Fight fraud and data breaches with advanced authentication
Blog: Capgemini CTO Blog
With the number and severity of cyberattacks and cyber-fraud cases on the rise, payments providers need robust customer authentication and identity access management. Today’s solutions leverage advanced techniques including biometrics, geo-location, secure element, and cryptography for end-point authentication.
Financial Services is among the industries most vulnerable to cyberattack and customer fraud as sophisticated hackers increasingly hone their ability to raid stores of customer data.
The WannaCry ransomware attack and Equifax data breach compromised the confidential data of millions of users. Because stolen data can be used to penetrate users’ accounts, advanced techniques – beyond two-factor authentication (2FA) – are now required to prevent strikes by hackers.
Not surprisingly, 81% of hacking-related breaches are the result of weak or stolen passwords, according to Verizon’s 2017 Data Breach Investigations Report. With the adoption of open banking technologies and increasing collaboration among different industry stakeholders, the potential for breaches and fraud may climb.
These days, financial services organizations need solutions that extend identity and access management (IAM) from known parties to unknown third parties. Meanwhile, appropriate controls are necessary to ensure compliance with know your customer, anti-money laundering, and counterterrorism financing requirements, as well as measures that ensure careful management of customer consent and entitlements.
Regulations, such as Europe’s PSD2 which promotes collaboration among stakeholders, have also mandated strong customer authentication (SCA), which requires advanced authentication techniques.
SCA mandates that authentication procedures use two or more of the following elements – knowledge (something the user knows, such as a password), ownership (something the user can demonstrate ownership of, including a mobile device or other item), and inherence (such as a unique biometric identifier). SCA requires authentication codes to vary dynamically based on the payment amount, the transaction payee, and the volume of transactions performed.
Multi-factor authentication (MFA) techniques involving multiple layers of defense are required to prevent account takeover. Globally, the multi-factor authentication services market is predicted to grow at a CAGR of close to 23% from 2017–2021, while the global multi-factor authentication market in the banking and financial sector was valued at $2.4 billion in 2016.
Payment firms are required to implement multi-factor authentication mechanisms with a combination of elements – biometrics, digital identity, secure element, geo-location, interoperable cryptographic keys, and recognition of user behavioral patterns capable of identifying suspicious behavior.
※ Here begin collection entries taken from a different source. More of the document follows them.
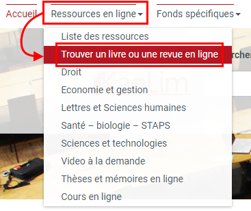 Sur le site web du SCD, ouvrez le menu Ressources en ligne > Trouver un livre ou une revue en ligne :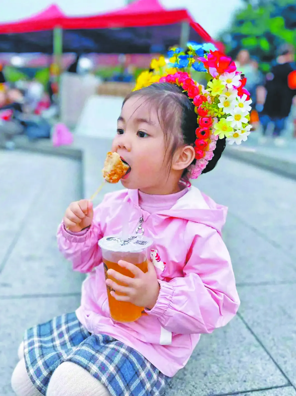 小游客吃得津津有味
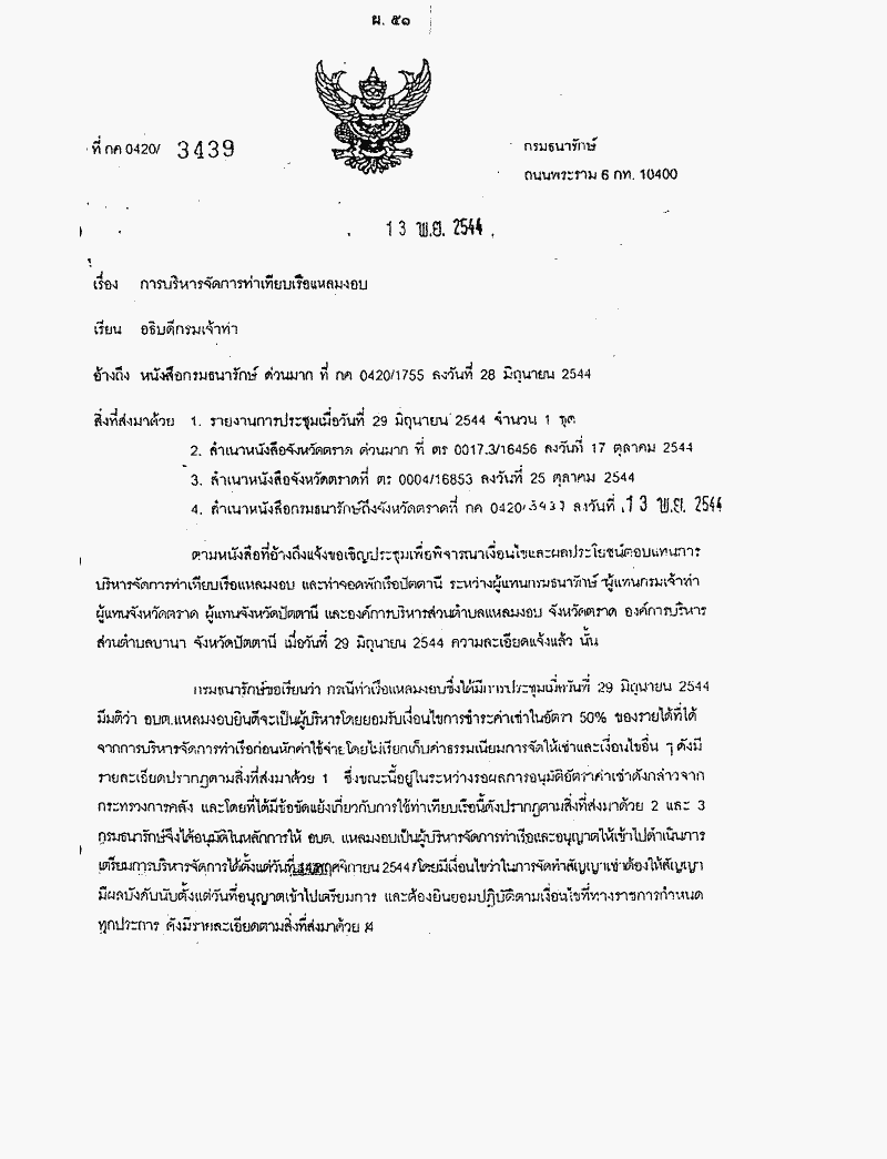 รายงานผลการพิจารณาปัญหาร้องเรียนโครงการก่อสร้างท่าเทียบเรือ ตำบลเกาะช้าง กิ่งอำเภอเกาะช้าง จังหวัดตราด ซึ่งคณะกรรมาธิการการทรัพยากรธรรมชาติและสิ่งแวดล้อมพิจารณาเสร็จแล้ว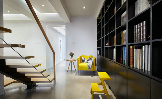 一樓空間除衛(wèi)生間以外。 一樓空間除衛(wèi)生間以外,地面均使用了實惠耐用的水泥自流平,水泥灰與大面積紅色的色塊配比簡明扼要,使用中性色進(jìn)行柔和過渡,整體空間不用紋樣和圖案裝飾,只用線條、色塊來區(qū)分點綴,實現(xiàn)空間的樸素、地道。順應(yīng)風(fēng)水的前提下將原來通向二樓的樓梯的位置和尺寸也都做了改變,將原有空間規(guī)劃中浪費的局部重新利用,與一樓的空間整體外觀做結(jié)合,從視覺上增加了整個空間的延伸感。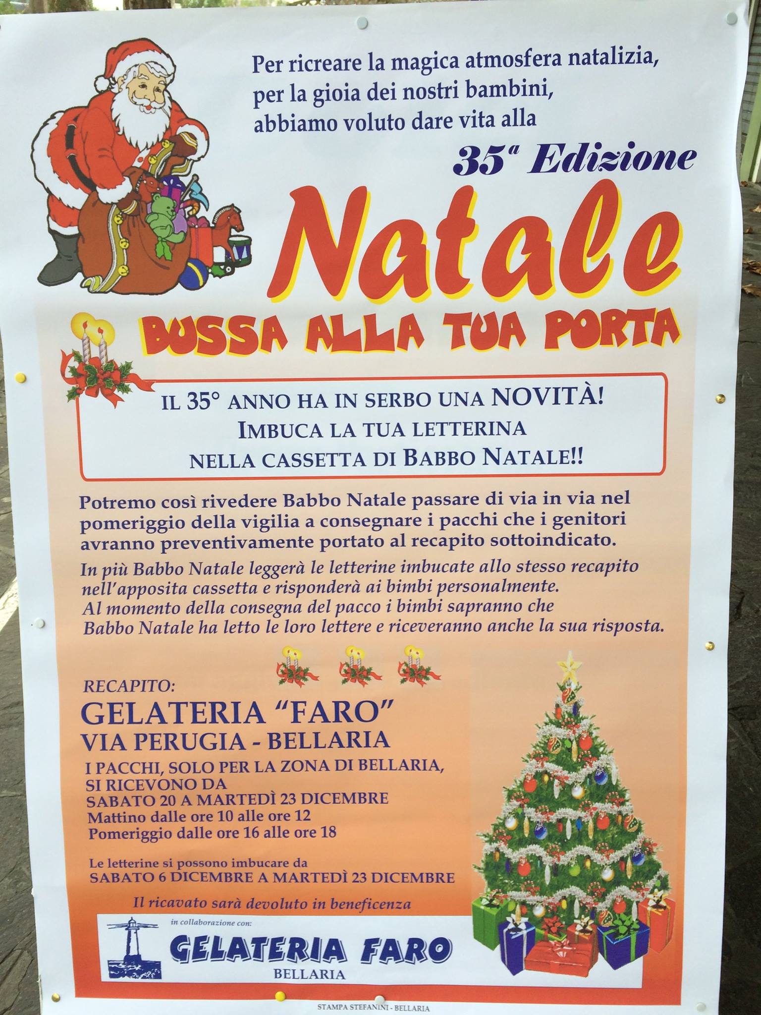 I doni vanno consegnati presso la Gelateria Faro, Via Perugia, Bellaria il 21, 22 e 23 dicembre, secondo i seguenti orari: mattino 10.00-12.00, pomeriggio 16.00-18.00.

Advanced authentication techniques
Source: Capgemini Financial Services Analysis 2018
A user’s behavioral patterns (number of keystrokes typed, gait, pressure applied, navigation pattern, and signature) in combination with biometrics can help mitigate data breaches without diminishing user experience.
New authentication technologies such as PIN on glass (POG) are also being explored for customer authentication, together with new patterns of 2FA that use advanced cryptography that can leverage the processing capability of mobile devices to secure payloads of exchange-to-exchange (e2e) transactions.
Technology providers including RSA, Symantec, HID, and VASCO are already providing plug-and-play multifactor authentication and behavior recognition solutions for payment firms.
Central authorities in countries such as Israel have mandated banks to implement MFA, and First International Bank of Israel developed its plan by collaborating with US-based FinTech firm Transmit SP.
Interoperable authentication standards – SWIFTS’ 3SKey, Fast Identity Online (FIDO), and Google Authenticator – can result in tougher as well as safer authentication when linked to an individual’s device. A fit-for-purpose assessment that comprehensively explores each of these advanced authentication techniques should be evaluated continually, however, in light of the potential for severe downside risks.
To learn more about how advanced authentication can help secure your business, connect with me on social media.
 Pin on Glass (POG): An emerging payments technology that eliminates the need for bulky and expensive hardware, such as credit card readers. Instead of using a standalone terminal at the point of sale, merchants can use pre-existing smart devices, such as a mobile phone or tablet, to process in-store payments.